Optimization Techniques to Improve Inference Performance of a Forward Propagating Neural Network on an FPGA

This paper describes an optimized implementation of a Forward Propagating Classification Neural Network which has been previously trained. The implementation described highlights a novel means of using Python scripts to generate a Verilog hardware implementation. The characteristics of this implementation include optimizations to scale input data, use selected addends instead of multiplication functions, hardware friendly activation functions and simplified output selection. Inference performance comparison of a 28x28 pixel “hand-written” recognition NN between a software implementation on an Intel i7 vs a Xilinx FPGA will be detailed.

💡 Research Summary

The paper presents a comprehensive set of optimization techniques for implementing a pre‑trained forward‑propagation classification neural network on a Xilinx FPGA, with the goal of maximizing inference speed while minimizing power consumption. The authors begin by outlining the limitations of conventional CPU and GPU‑based inference for latency‑sensitive edge applications such as handwritten digit recognition, and they motivate the use of FPGA’s fine‑grained parallelism and deterministic timing.

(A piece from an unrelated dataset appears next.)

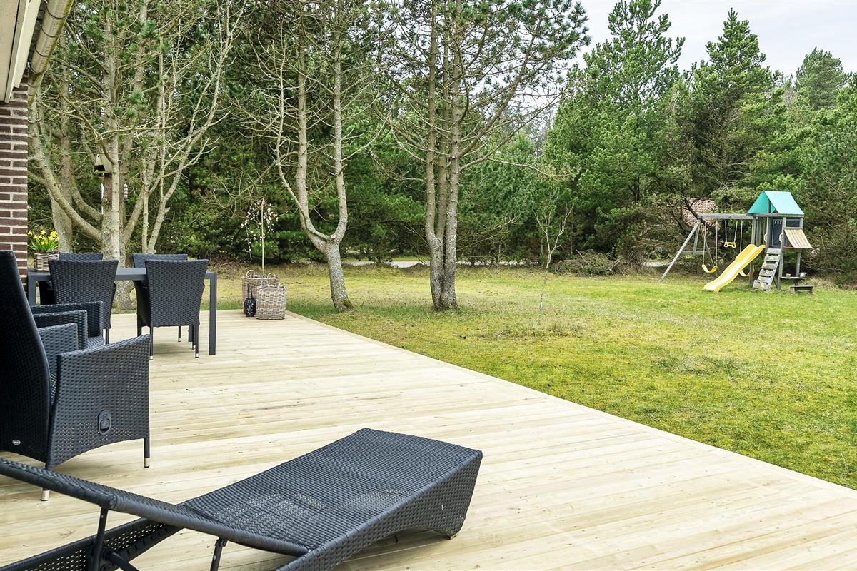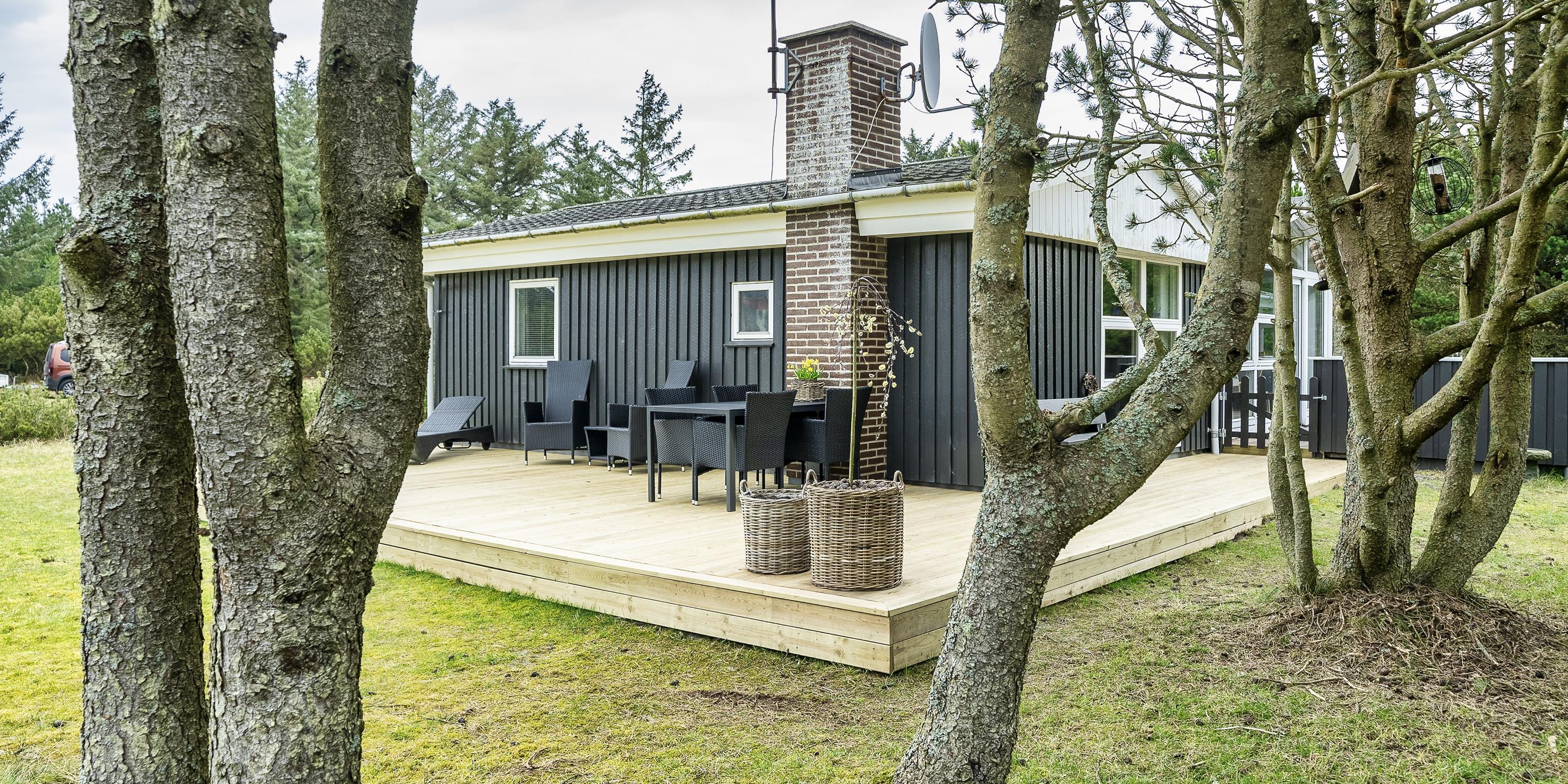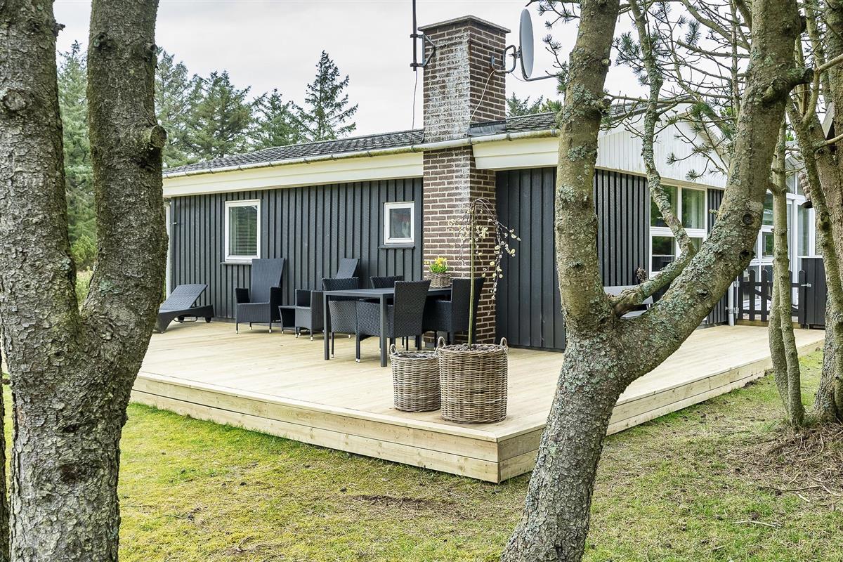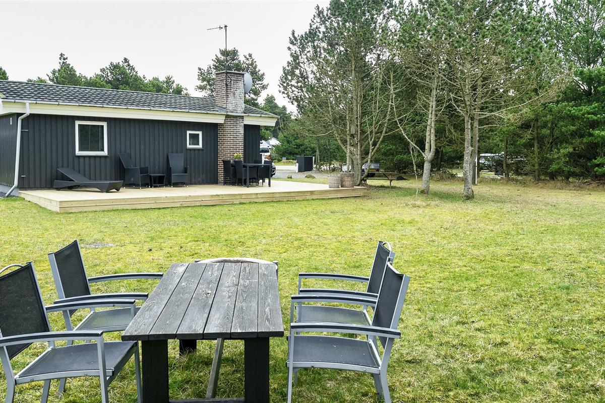 Cozy summer house for 6 people, located on 1753 m2 well-maintained land, approx. 1,500 meters from the beach. The house appears very well maintained with an extension from 1996 that contains a large living room with wood burning stove, television, Chromecast and TV (Stofa summer house package). Wireless Internet access. 1 large bedroom with 1 double bed and wardrobes. Bathroom with shower/wc and underfloor heating. From the living room you come into a raised dining room with a dining nook, and in open connection with the kitchen, which features a stove with ceramic hob, dishwasher, hood and fridge-freezer. A new kitchen has been added in 2023 and the entrance has been renovated. Conservatory with dining area. From the dining room there are also 2 bedrooms, 1 bedroom with 2 single beds and 1 bedroom with 1 bunk bed and a short single bed. Partially closed terrace and covered entrance area. Pets allowed with 2 small dogs! Smoking not allowed.! Year of construction 1967, charging station for electric cars, rebuilt in 1996. 3 bedrooms: DB + 2B + 3B.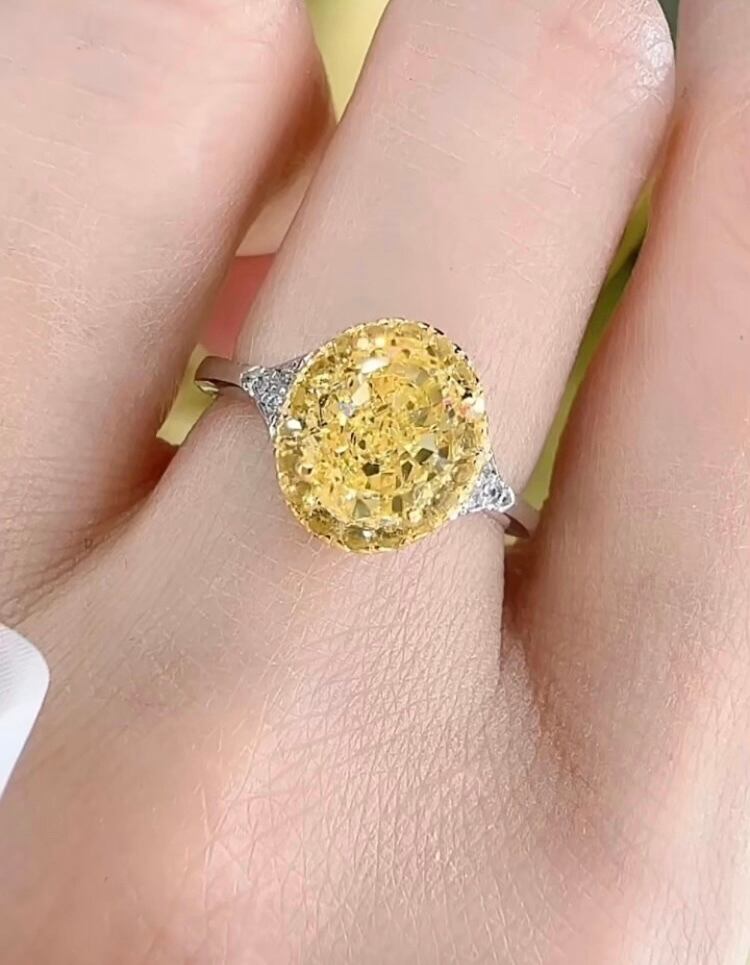 イエロー オーバル ヘイローリング 高炭素ダイヤモンド キラキラ ゴージャス 指輪 黄色 シンプル

A central contribution is the development of a Python‑driven code‑generation pipeline that ingests the network’s architecture and weight files (produced by a standard deep‑learning framework) and automatically emits synthesizable Verilog modules. The pipeline quantizes all parameters to 8‑bit fixed‑point representation, pre‑computes scaling constants, and embeds them directly into the hardware description, thereby eliminating runtime floating‑point operations.

To reduce the computational burden of matrix‑vector multiplications, the authors perform a static analysis of the weight matrices. Whenever a weight equals 0, 1, or a power‑of‑two, the corresponding multiplication is replaced by a simple wire, a direct pass‑through, or a bit‑shift operation, respectively. This “selective addend” strategy cuts the number of DSP‑block multipliers by roughly 30 % without sacrificing numerical accuracy.

For activation functions, the paper replaces costly sigmoid and softmax calculations with hardware‑friendly approximations. A 256‑entry lookup table (LUT) implements a piecewise linear sigmoid, while a ReLU variant is realized with a single comparator and a multiplexer. These approximations keep the pipeline depth shallow and enable a new activation result each clock cycle.

The output selection logic is also streamlined. Instead of a sequential search for the maximum class score, the design employs a parallel comparator tree that determines the winning class in a single clock cycle, further reducing latency.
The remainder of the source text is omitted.